The composition of the associated gas changes over time as more and more gas injectant is injected to maintain a given production rate. Thus, for example, the associated gas may have a carbon dioxide content of anywhere from 0 to 95 mole percent depending on the age of the well. In enhanced recovery processes, the separation of injectant in the associated gas is important from the standpoint of obtaining usable natural gas and natural gas liquids, and even more importantly, for recycling the injection fluid in pure form. Injection fluid such as carbon dioxide has a high initial cost and, in the quantities needed, is expensive to transport and store. Separation and purification is therefore necessary from an economic standpoint. Apparatus for doing this should be capable of handling the entire range of time dependent CO2 compositions, i.e., CO2 levels of from essentially zero at the onset of CO2 injection to 90+ mole percent CO2/H2S after years of CO2 injection. Hydrocarbon liquids contained in the associated gas are often more valuable than the recovered CO2 and natural gas. The optimal separation system should readily adapt to the increasing feed flow and feed composition as a function of time and produce a saleable natural gas liquid stream, a sweetened residual natural gas as well as a reinjectable enhanced oil recovery stream. Attempts have been made.

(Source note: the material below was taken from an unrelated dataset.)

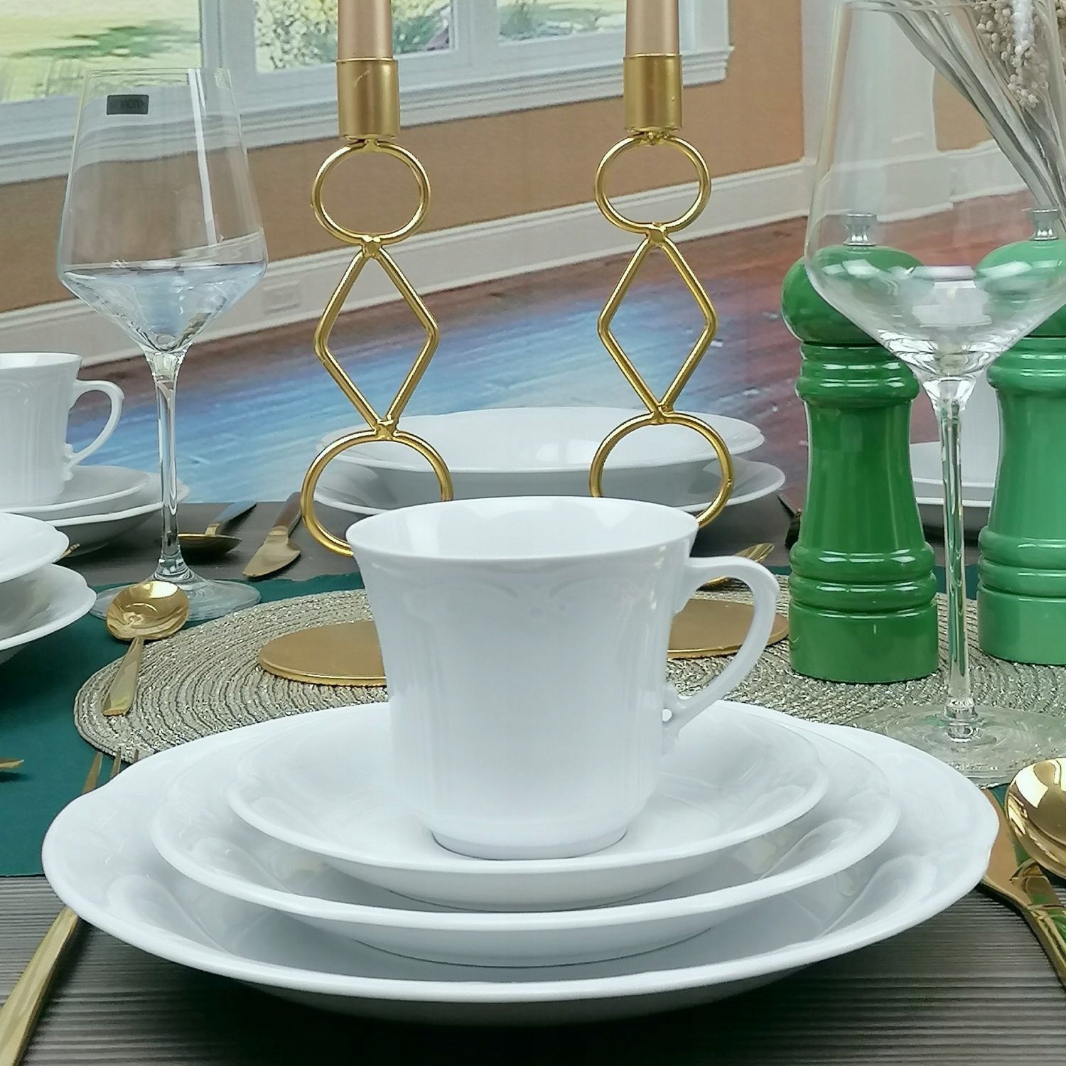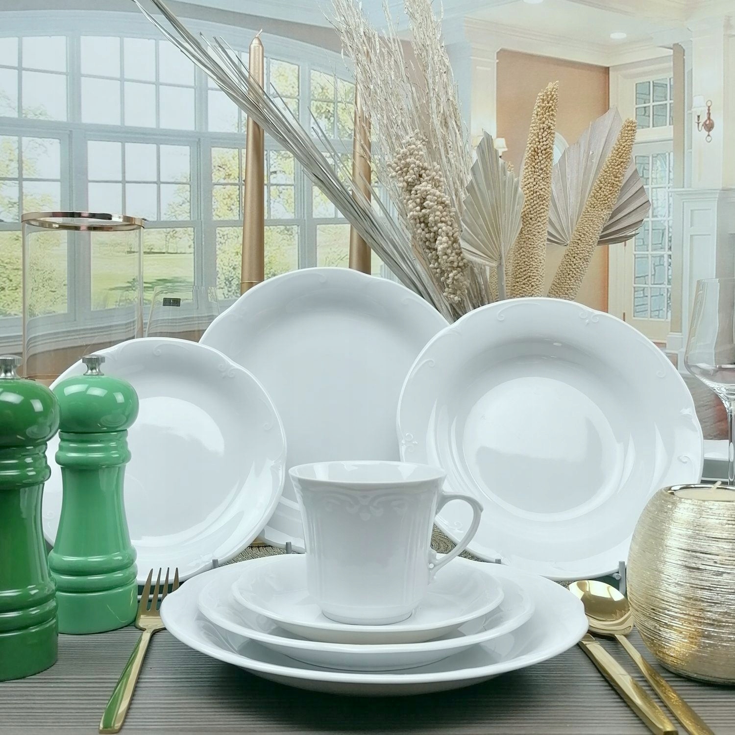Белый фарфор, niedekorowana. Универсальный - подходит для любого интерьера и декора стола

At high levels of CO2 (65%-95%), low temperature distillation is one method of separation. Distillation systems are capable of producing high purity of CO2 for reinjection but struggle to meet pipeline specifications for natural gas (<2% CO2). While the Ryan Holmes process was developed by Koch Process Systems to successfully address this technical issue, Ryan Holmes technology (U.S. Pat. Nos. 4,462,814 and 4,318,723) has met with limited commercial success due to process economics.


Amines are most widely used technology for CO2 and H2S removal from natural gas. Amine technology (U.S. Pat. Nos. 5,618,506 and 1,783,901) is most applicable for lower levels of CO2 (<20% CO2/H2S). High CO2 level and heavier hydrocarbons cause the formation of heat stable salts and foaming.


Attempts have also been made at employing the Joule-Thomson effect through a Joule-Thomson valve to membrane separation systems. Exemplary examples of employing the Joule-Thomson valve to the membrane separation systems include US20160326446, DE19856068, U.S. Pat. No. 7,329,306 and WO9405960.


Membrane systems are capable of bulk cut applications and may be used to treat streams as high as 90% CO2. A design of a conventional membrane-only separation system for separating acid gas, such as CO2 or H2S, and hydrocarbons is shown in FIG. 1, which includes a membrane separation unit 105 and a phase separator 106. A feed gas stream 100 is withdrawn from a high-pressure natural gas stream, and passes to a feed side of the membrane separation unit 105. A permeate stream gas 101, enriched in the acid gas, such as CO2 and/or H2S, is withdrawn from a permeate side of the membrane separation unit 105. A residue non-permeate stream 102, enriched in hydrocarbons, passes through the phase separator 106 and separates into a hydrocarbon-enriched liquid stream 103 and an acidic gas (e.g., CO2 and/or H2S) depleted gas stream 104. Due to acid gas removal from the residue non-permeate stream 102, the hydrocarbons reach the dew point and condense into hydrocarbon liquids. Thus, the residue non-permeate stream 102 has two phases that is separated by the phase separator 106 forming the hydrocarbon-enriched liquid stream 103 and the acidic gas-depleted gas stream 104 that is depleted in CO2 or H2S relative to the feed gas and predominately CH4-enriched stream. Membrane separation unit 105 is composed of bundled membrane separation modules. The number of the bundled membrane separation modules may grow over time with the increase in feed flow and CO2 or H2S content, which is cost-consuming.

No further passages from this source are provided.